[Records drawn from a dataset]
=======
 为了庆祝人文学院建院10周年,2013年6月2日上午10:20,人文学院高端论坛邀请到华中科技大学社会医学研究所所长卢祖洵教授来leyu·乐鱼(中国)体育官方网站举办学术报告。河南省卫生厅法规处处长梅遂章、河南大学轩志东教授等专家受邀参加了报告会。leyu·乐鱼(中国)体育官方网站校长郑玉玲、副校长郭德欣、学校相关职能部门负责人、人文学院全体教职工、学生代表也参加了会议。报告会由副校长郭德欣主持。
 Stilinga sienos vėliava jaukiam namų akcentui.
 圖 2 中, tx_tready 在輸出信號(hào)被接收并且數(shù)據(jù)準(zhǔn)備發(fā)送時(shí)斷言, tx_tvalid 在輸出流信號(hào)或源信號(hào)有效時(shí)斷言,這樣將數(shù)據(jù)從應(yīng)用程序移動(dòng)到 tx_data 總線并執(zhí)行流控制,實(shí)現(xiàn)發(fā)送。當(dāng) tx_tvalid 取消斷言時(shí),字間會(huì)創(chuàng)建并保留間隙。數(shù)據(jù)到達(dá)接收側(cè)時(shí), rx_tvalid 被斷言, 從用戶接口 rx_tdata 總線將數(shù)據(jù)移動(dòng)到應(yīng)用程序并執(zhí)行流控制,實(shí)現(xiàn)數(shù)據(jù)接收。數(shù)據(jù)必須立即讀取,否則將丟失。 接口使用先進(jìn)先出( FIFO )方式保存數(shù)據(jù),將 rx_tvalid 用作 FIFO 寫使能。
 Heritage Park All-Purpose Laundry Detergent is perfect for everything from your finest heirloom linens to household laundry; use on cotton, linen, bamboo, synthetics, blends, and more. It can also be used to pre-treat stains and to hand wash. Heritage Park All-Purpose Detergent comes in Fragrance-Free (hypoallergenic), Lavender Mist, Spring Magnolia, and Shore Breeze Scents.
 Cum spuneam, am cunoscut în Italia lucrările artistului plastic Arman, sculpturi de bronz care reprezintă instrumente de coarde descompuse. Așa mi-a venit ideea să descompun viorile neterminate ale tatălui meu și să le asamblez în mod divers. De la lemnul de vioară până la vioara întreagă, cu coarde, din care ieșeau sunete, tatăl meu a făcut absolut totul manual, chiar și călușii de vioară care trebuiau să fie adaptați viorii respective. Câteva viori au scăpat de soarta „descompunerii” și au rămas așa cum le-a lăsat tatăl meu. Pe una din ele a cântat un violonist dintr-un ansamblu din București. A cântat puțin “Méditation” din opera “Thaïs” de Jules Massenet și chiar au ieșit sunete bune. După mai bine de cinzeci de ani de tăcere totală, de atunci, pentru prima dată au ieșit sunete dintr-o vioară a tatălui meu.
=======
* _WHAT IS BEING ASKED_:
From start to finish, retype the records above with complete accuracy.

* _TASK RESULT_:
 为了庆祝人文学院建院10周年,2013年6月2日上午10:20,人文学院高端论坛邀请到华中科技大学社会医学研究所所长卢祖洵教授来leyu·乐鱼(中国)体育官方网站举办学术报告。河南省卫生厅法规处处长梅遂章、河南大学轩志东教授等专家受邀参加了报告会。leyu·乐鱼(中国)体育官方网站校长郑玉玲、副校长郭德欣、学校相关职能部门负责人、人文学院全体教职工、学生代表也参加了会议。报告会由副校长郭德欣主持。
 Stilinga sienos vėliava jaukiam namų akcentui.
 圖 2 中, tx_tready 在輸出信號(hào)被接收并且數(shù)據(jù)準(zhǔn)備發(fā)送時(shí)斷言, tx_tvalid 在輸出流信號(hào)或源信號(hào)有效時(shí)斷言,這樣將數(shù)據(jù)從應(yīng)用程序移動(dòng)到 tx_data 總線并執(zhí)行流控制,實(shí)現(xiàn)發(fā)送。當(dāng) tx_tvalid 取消斷言時(shí),字間會(huì)創(chuàng)建并保留間隙。數(shù)據(jù)到達(dá)接收側(cè)時(shí), rx_tvalid 被斷言, 從用戶接口 rx_tdata 總線將數(shù)據(jù)移動(dòng)到應(yīng)用程序并執(zhí)行流控制,實(shí)現(xiàn)數(shù)據(jù)接收。數(shù)據(jù)必須立即讀取,否則將丟失。 接口使用先進(jìn)先出( FIFO )方式保存數(shù)據(jù),將 rx_tvalid 用作 FIFO 寫使能。
 Heritage Park All-Purpose Laundry Detergent is perfect for everything from your finest heirloom linens to household laundry; use on cotton, linen, bamboo, synthetics, blends, and more. It can also be used to pre-treat stains and to hand wash. Heritage Park All-Purpose Detergent comes in Fragrance-Free (hypoallergenic), Lavender Mist, Spring Magnolia, and Shore Breeze Scents.
 Cum spuneam, am cunoscut în Italia lucrările artistului plastic Arman, sculpturi de bronz care reprezintă instrumente de coarde descompuse. Așa mi-a venit ideea să descompun viorile neterminate ale tatălui meu și să le asamblez în mod divers. De la lemnul de vioară până la vioara întreagă, cu coarde, din care ieșeau sunete, tatăl meu a făcut absolut totul manual, chiar și călușii de vioară care trebuiau să fie adaptați viorii respective. Câteva viori au scăpat de soarta „descompunerii” și au rămas așa cum le-a lăsat tatăl meu. Pe una din ele a cântat un violonist dintr-un ansamblu din București. A cântat puțin “Méditation” din opera “Thaïs” de Jules Massenet și chiar au ieșit sunete bune. După mai bine de cinzeci de ani de tăcere totală, de atunci, pentru prima dată au ieșit sunete dintr-o vioară a tatălui meu.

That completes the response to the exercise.